Вот он наклоняется к Аленушке, целует ее прямо в алые полуоткрытые уста… тихое слово «Прощай!» грустно прозвучало в тишине сада.
Дуня выбралась из куста и опрометью пустилась бежать к дому. Почему она не окликнула Аленушку? Быть может, потому, что слишком сильно волновалась.
Ее сердце тоскливо билось, и что-то вроде зависти закралось в нем, зависти к счастью своей родственной подруги. Она понимала, что Аленушка теперь счастлива так, как редко приходится быть людям счастливыми, понимала по себе, потому что и ее сердце просило такого же счастья.
Почему не выпало ей того же на долю? Чем она хуже Аленушки? Разве не могла она так же приглянуться тому, красавцу приятелю Алексея Фомича, полюбиться ему, как ей люб он? Ах, соколик! Как люб он ей! Больше света белого! Все бы отдала, к нему кинулась, только приди он да скажи: «Пойдем со мною, желанная! Брось все!»
Прибежала в горенку Дуня, села за пяльцы было — не может шить: руки дрожат.

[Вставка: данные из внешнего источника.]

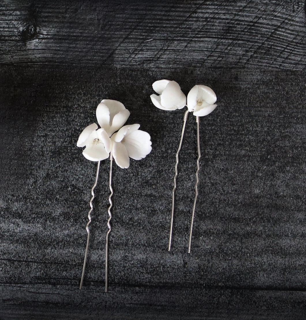 The Harper Combs and Hairpin Set is utterly romantic in it's simplicity... The delicate white porcelain blossoms are handmade and hand wired with glass bead accented centers, hand set atop 3 wire combs and 2 hair pins to adorn your tresses in a myriad of ways.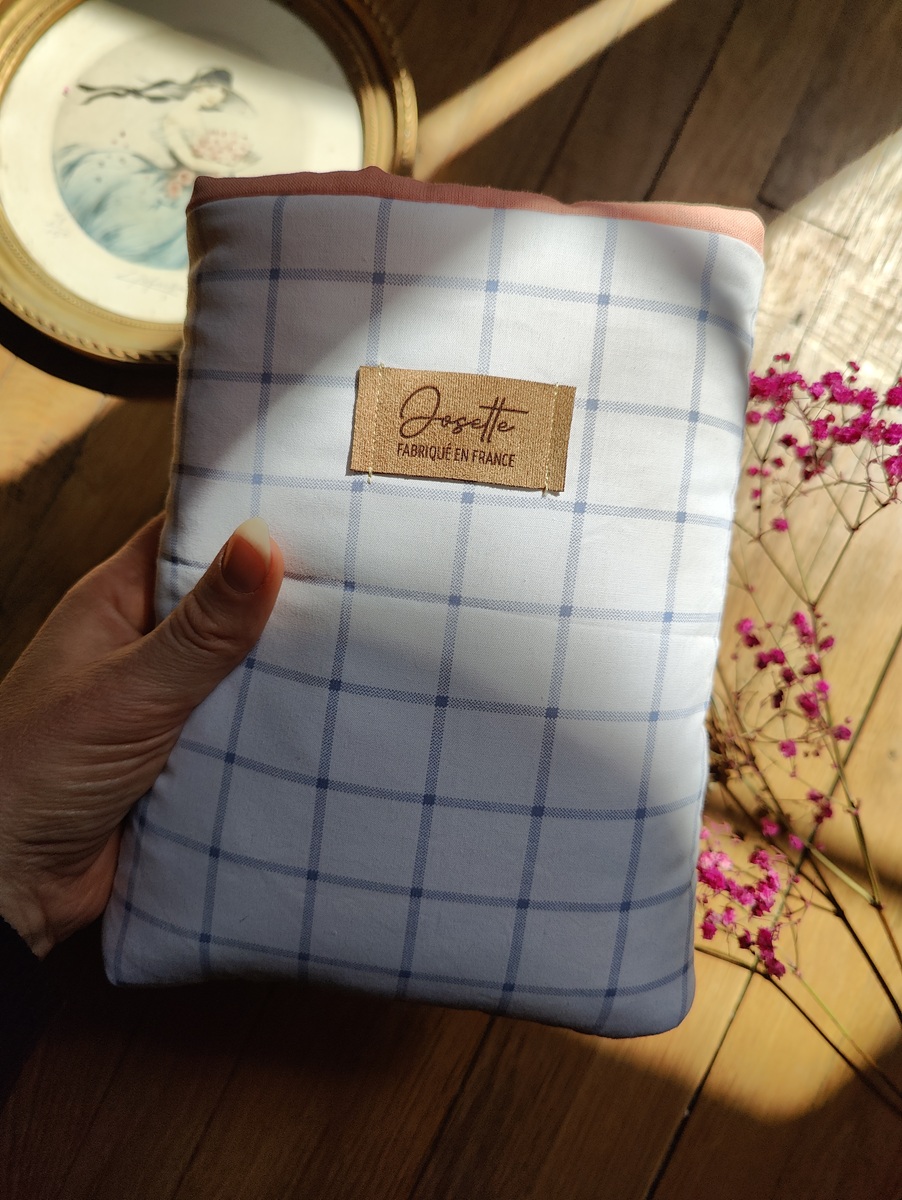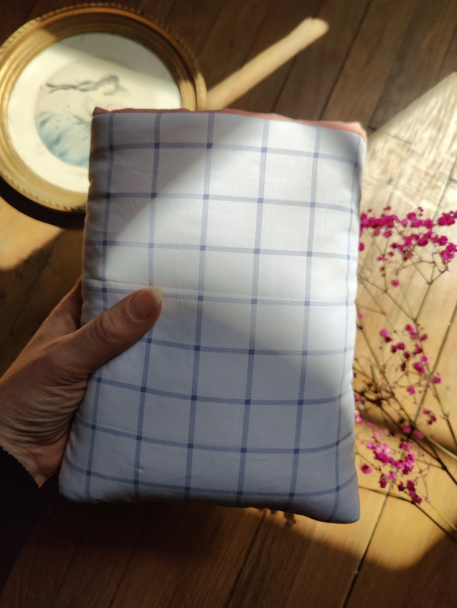 Ce matin, en partant au travail, vous glissez votre livre préféré dans cette pochette en tissu à carreaux bleu pâle et blanc, et vous l’emportez avec vous dans les transports. Ses dimensions (17 x 22 cm) sont idéales pour les livres de poche, et son design épuré, sans nœud, permet un accès rapide et facile. L’intérieur en tissu saumon apporte une touche de douceur et de contraste, tout en protégeant votre livre.

Пошла легла в постель и задумалась, что замерла. Так и к обеду не вышла, и на зов вернувшейся Аленушки не откликнулась: чувствовала она, что скажет слово — пожалуй, вместе с этим словом из очей прольются слезы, тоскою навеянные.
XIV. Любовь
— Леночка!
— Голубчик Алешенька!
— Да я век, кажись, с тобой не расстался б! Ведь вот попрощался совсем, а уйти силушки нет — ноги не идут.
— Соколик! Завтра приедешь?
— Беспременно, если на наше счастье погода не сменится…
— Авось, Бог даст. Я бы и в дождь-проливень прибегла, да матушка остановит… Ах, милый! Да и люб же ты мне!
— Чай, не боле, чем ты мне, голубка.
Поцелуй прозвучал в тишине сада.
Долго прощались они, расходились и опять возвращались и медлили, оттягивая минуту расставанья.
Наконец собрались с силами, расстались.
Ловко перемахнул молодой князь через изгородь, свистнул коня. Конь прискакал на зов хозяина и с тихим ржанием остановился подле него.
Вскочив на седло, Алексей Фомич дал волю коню, оставив свободно висеть узду. Конь пошел мерным шагом, а князь Щербинин задумчиво смотрел вдаль.
Из ржи поля вспорхнул, как вырвался, жаворонок, конь фыркнул в легком испуге, а сверху уже неслась серебристая замирающая трель. Молодой князь поднял голову и посмотрел на птицу, которая темной, все более уменьшающейся, точкою виднелась на яркой до того, что смотреть было больно, синеве летнего неба.
Песня жаворонка находила себе отзвук в душе Алексея. Ему хотелось вторить веселой птичке, хотелось взлететь, как она, ввысь и крикнуть оттуда белому свету о том счастье, каким полно его сердце.
Он шевельнул узду. Конь согнул шею и поскакал, вздымая копытами целое облако дорожной пыли. Быстро несся конь, но еще быстрее неслась вереница мыслей и воспоминаний в голове мечтателя князя.
Образ златоволосой любимой боярышни витал перед ним. Эта милая девушка — «она», та таинственная красавица, которая так часто рисовалась ему в грезах. Это — «она», он узнал ее, увидев в первый раз: ему все открыло тогда вдруг трепетно забившееся сердце. А как потом он отчаивался, что, быть может, никогда больше не придется с нею встретиться: он знал, что терем — это та же крепость. Можно бывать в усадьбе, беседовать с хозяином, порою с хозяйкой, быть желанным гостем и все-таки не видать затворницы терема — он все же чужак, а обычай запрещает девицам выходить к чужим людям. Кто же преступит обычай? Ведь сказано: «повальный обычай — что царский указ».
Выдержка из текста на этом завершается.